Hi @dromano
After a little research it seems like this is how the ggplot2 devs wanted it to work. See more conversation on it here. In particular:
We then need to make sure there's some way to actually drop these NA values, because the na.rm to the layers can not work, because by the time the layer sees the data the missingness has been removed (as it's be converted to an integer position).
Their philosophy seems to be that missing data should be included in plots by default, which isn't strictly possible for continuous data, but it is possible for discrete data. The na.rm = TRUE/FALSE argument only controls the message printed to console (whether missing are handled silently or not).

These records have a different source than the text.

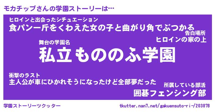 | 女子向けラノベタイトル風あだ名 | 『(仮)モカチップのやんごとなき事情』 |
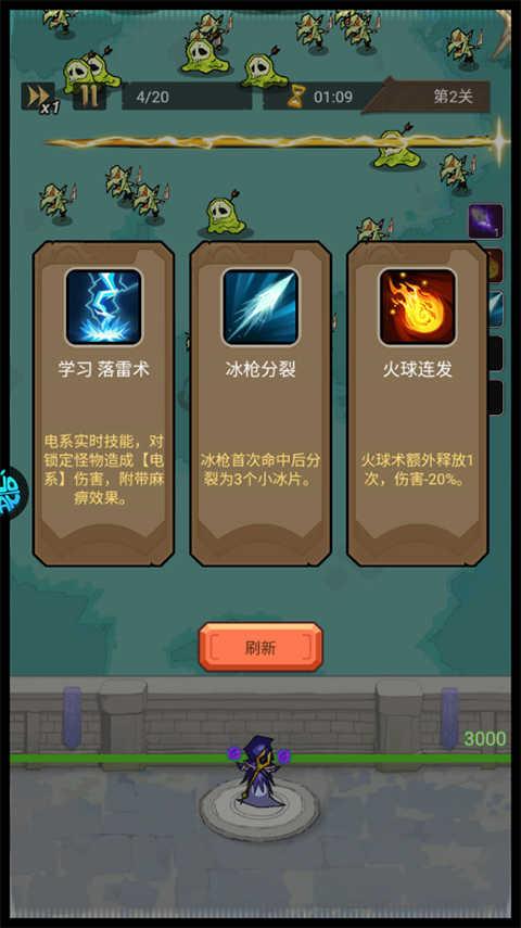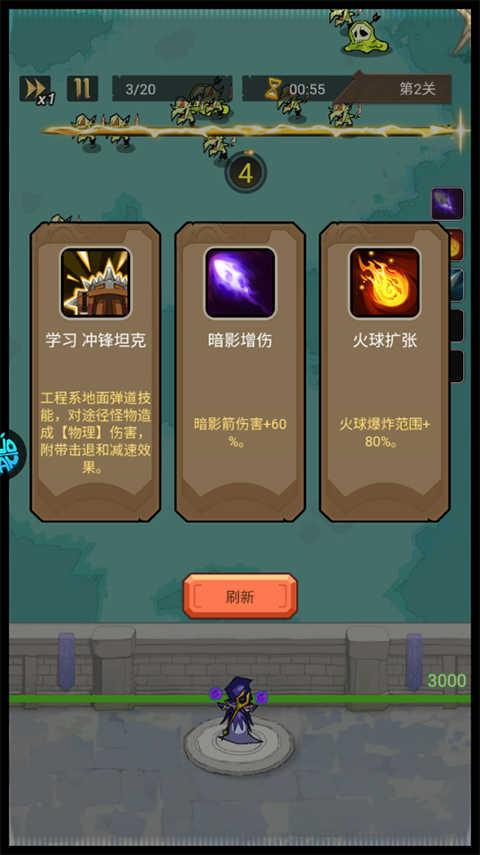 2、进入关卡后,角色会自动释放技能进行攻击,将敌人击败可以获得经验值。
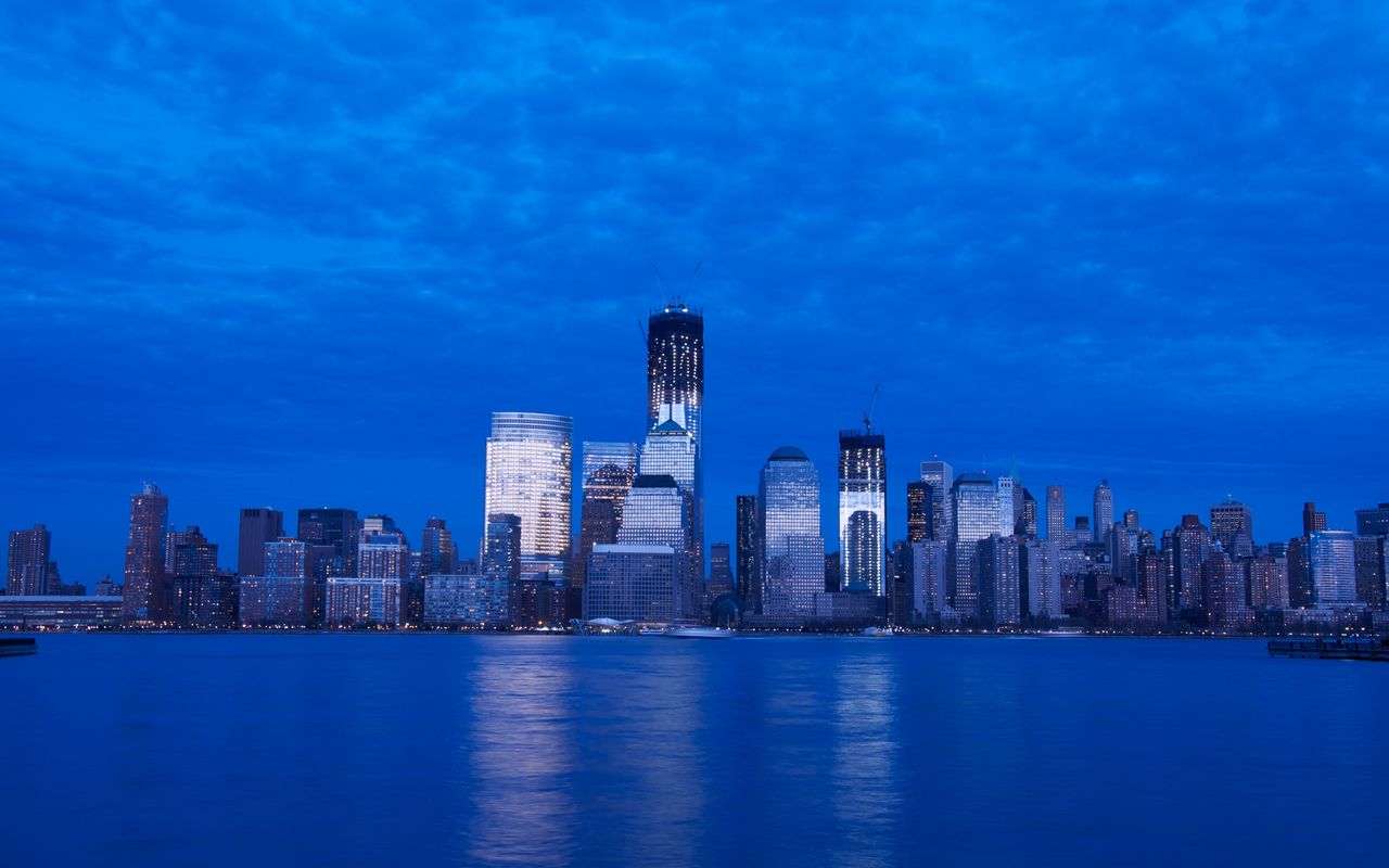 Download 1280x800 skyscraper, buildings, river, lights, evening, blue wallpaper, background widescreen 16:10
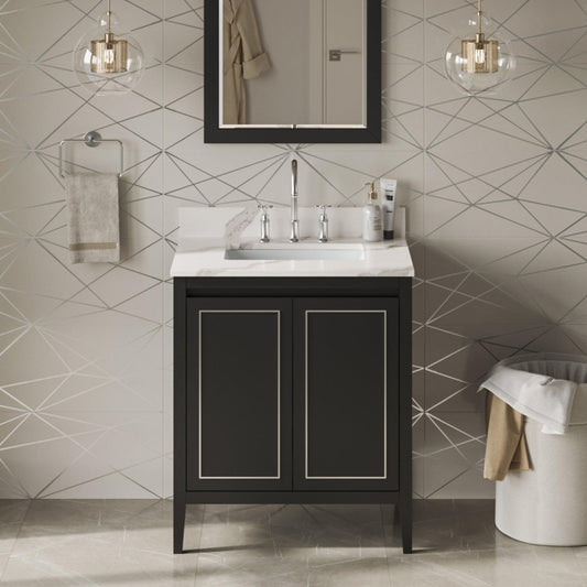 Hardware Resources Jeffrey Alexander Percival 30" Black Freestanding Vanity With Calacatta Vienna Quartz Vanity Top, Backsplash and Rectangle Undermount Sink
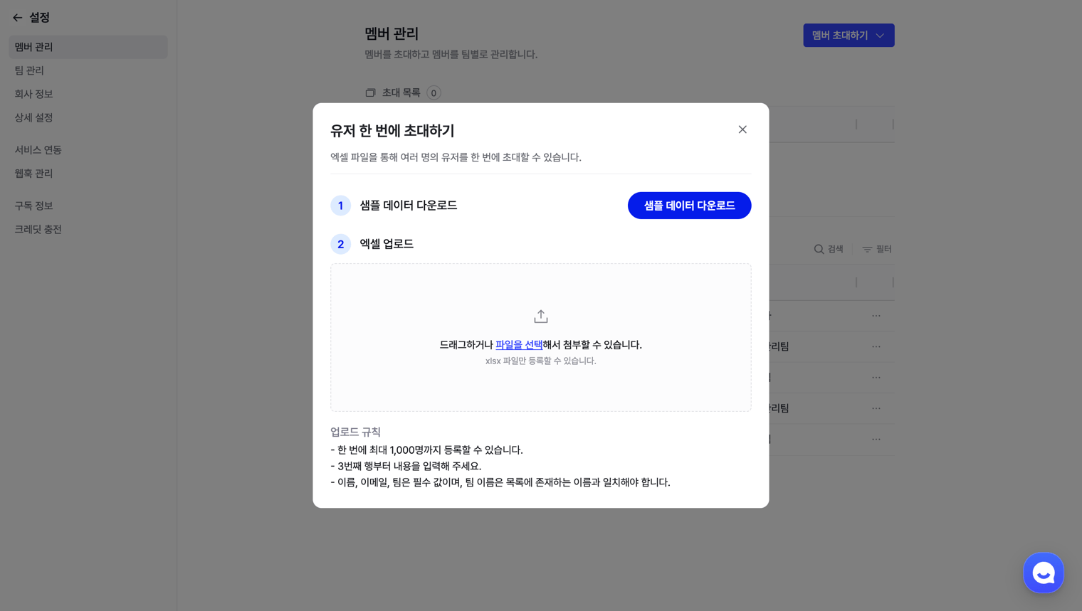 유저 한 번에 초대하기 창에서 [샘플 데이터 다운로드]를 클릭하면, 엑셀의 특정 열에 유저의 어떤 정보를 입력해야 하는지 확인할 수 있습니다.

The commit for ggplot2 which closed the above issue is shown here, and describes adding a new argument na.translate to the discrete axis scales.
- All discrete scales gain a
na.translate argument that allows you to
control whether NAs are translated to something that can be visualised
or left as missing. Note that if you leave as is (i.e.
na.translate = FALSE) they will passed on to the layer, which
will create warnings about dropping missing values. To suppress those,
you'll also need to add na.rm = TRUE to the layer call.
So you can control the presentation of NA by:
tibble(a = c('one', 'two', 'two', NA)) %>%
ggplot(aes(a)) +
geom_bar() +
scale_x_discrete(na.translate = FALSE)
Or to remove the NA silently, now you can use the na.rm argument
tibble(a = c('one', 'two', 'two', NA)) %>%
ggplot(aes(a)) +
geom_bar(na.rm = TRUE) +
scale_x_discrete(na.translate = FALSE)